Photo by Elvert Barnes via Flickr.
The U.S. Supreme Court (SCOTUS) handed down its expected decision in the highly anticipated Dobbs v. Jackson Women’s Health Organization case Friday morning, finding no constitutional basis for abortion.
The court, voting 6-3, now leaves the issue to state governments. Missouri was the first state to execute its trigger ban, prohibiting all abortion in the state.
The decision to overturn the right to abortion upends a precedent established in 1973 and re-affirmed in 1992, as Amy Howe reported for SCOTUS blog. “In one of the most anticipated rulings in decades, the court overturned Roe, which first declared a constitutional right to abortion in 1973, and Planned Parenthood v. Casey, which re-affirmed that right in 1992.”

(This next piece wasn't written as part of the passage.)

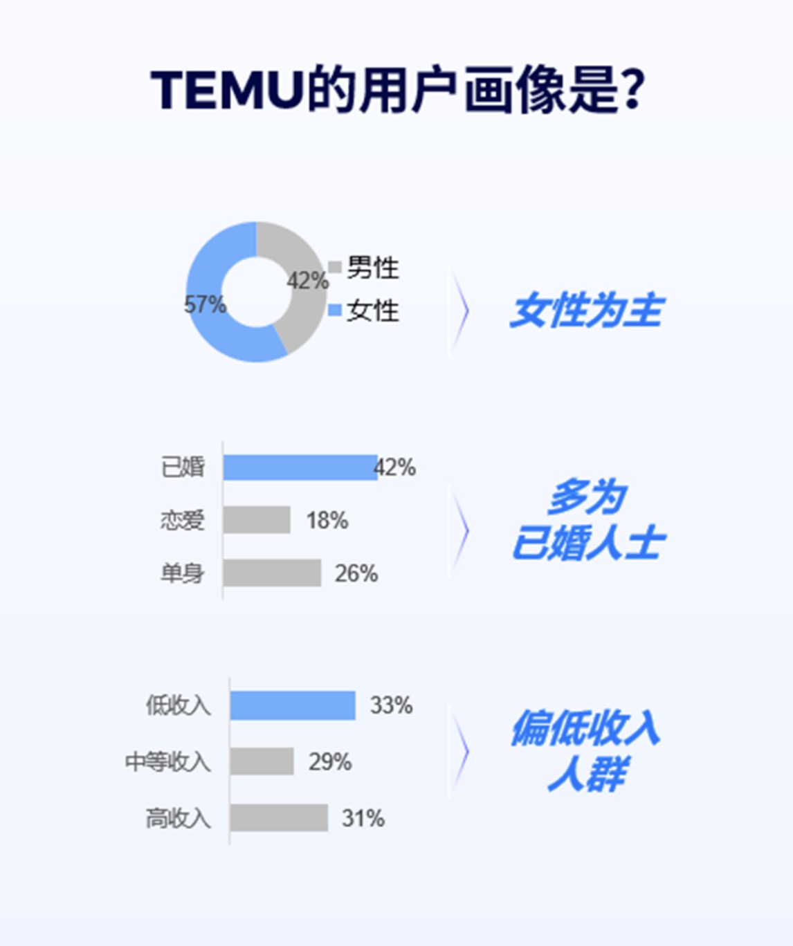 TEMU凭借其平台特性,精准吸引了以女性、已婚有孩家庭为主的价格敏感型用户。中低收入家庭构成其核心客群,同时平台也逐步渗透至高收入群体,成为后者采购日用品和季节性商品的补充渠道。
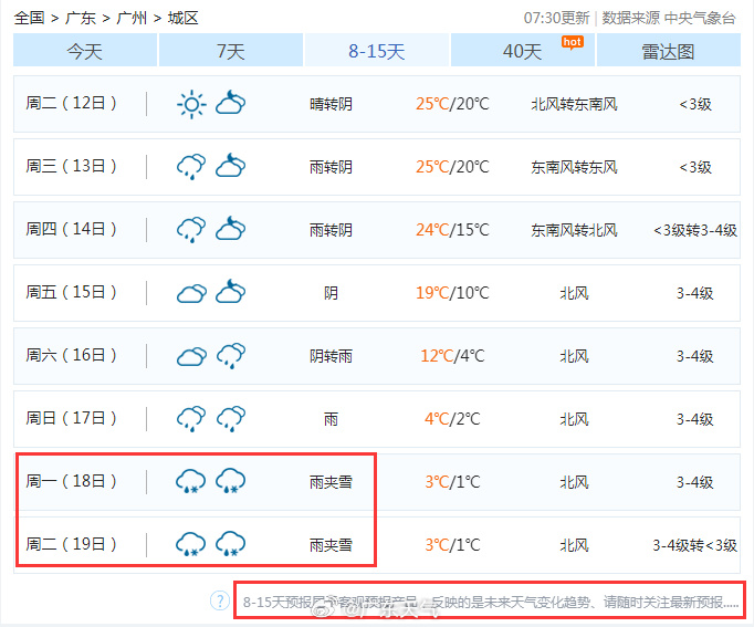昨天,不少網(wǎng)友從“8-15天趨勢(shì)預(yù)報(bào)”中發(fā)現(xiàn)廣州12月中下旬有雨夾雪。

Journalists should note that Howe reported the vote as 5-4, writing this: “The vote to overturn Roe was 5-4. Justices Clarence Thomas, Neil Gorsuch, Brett Kavanaugh, and Amy Coney Barrett joined Alito’s opinion. Chief Justice John Roberts did not join the opinion. He agreed with the majority that the Mississippi abortion restriction at issue in the case should be upheld, but in a separate opinion, he argued that the court should not have overturned Roe.”

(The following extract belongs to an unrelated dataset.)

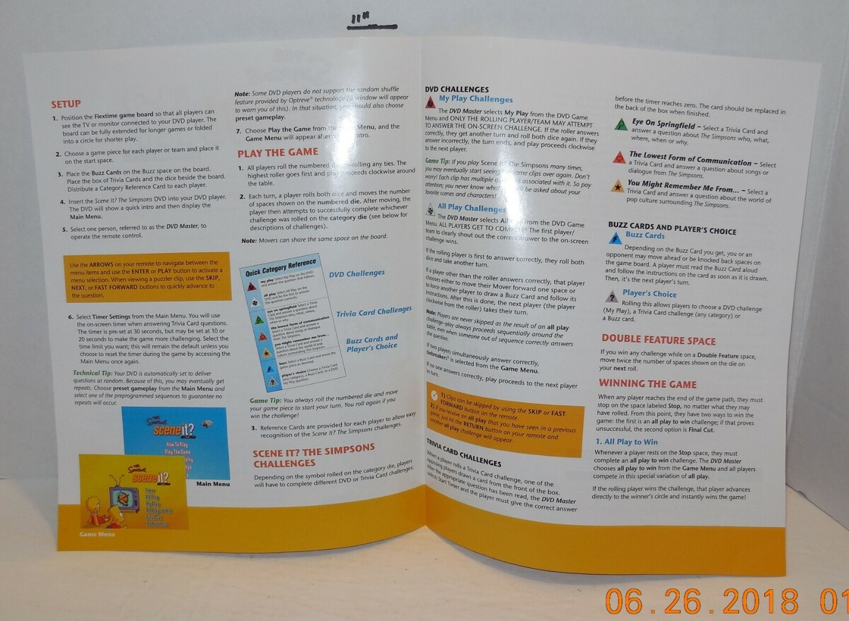 2009 Screenlife The Simpsons Scene it DVD Board Game Replacement Instructions

At The New York Times, Adam Liptak wrote that the decision will transform American life, reshape the nation’s politics and lead to all but total bans on the procedure in about half of the states. “The ruling will test the legitimacy of the court and vindicate a decades-long Republican project of installing conservative justices prepared to reject the precedent, which had been repeatedly reaffirmed by earlier courts,” he added. Also, the decision will be one of the legacies of former President Donald J. Trump, who named three justices who were in the majority, he noted.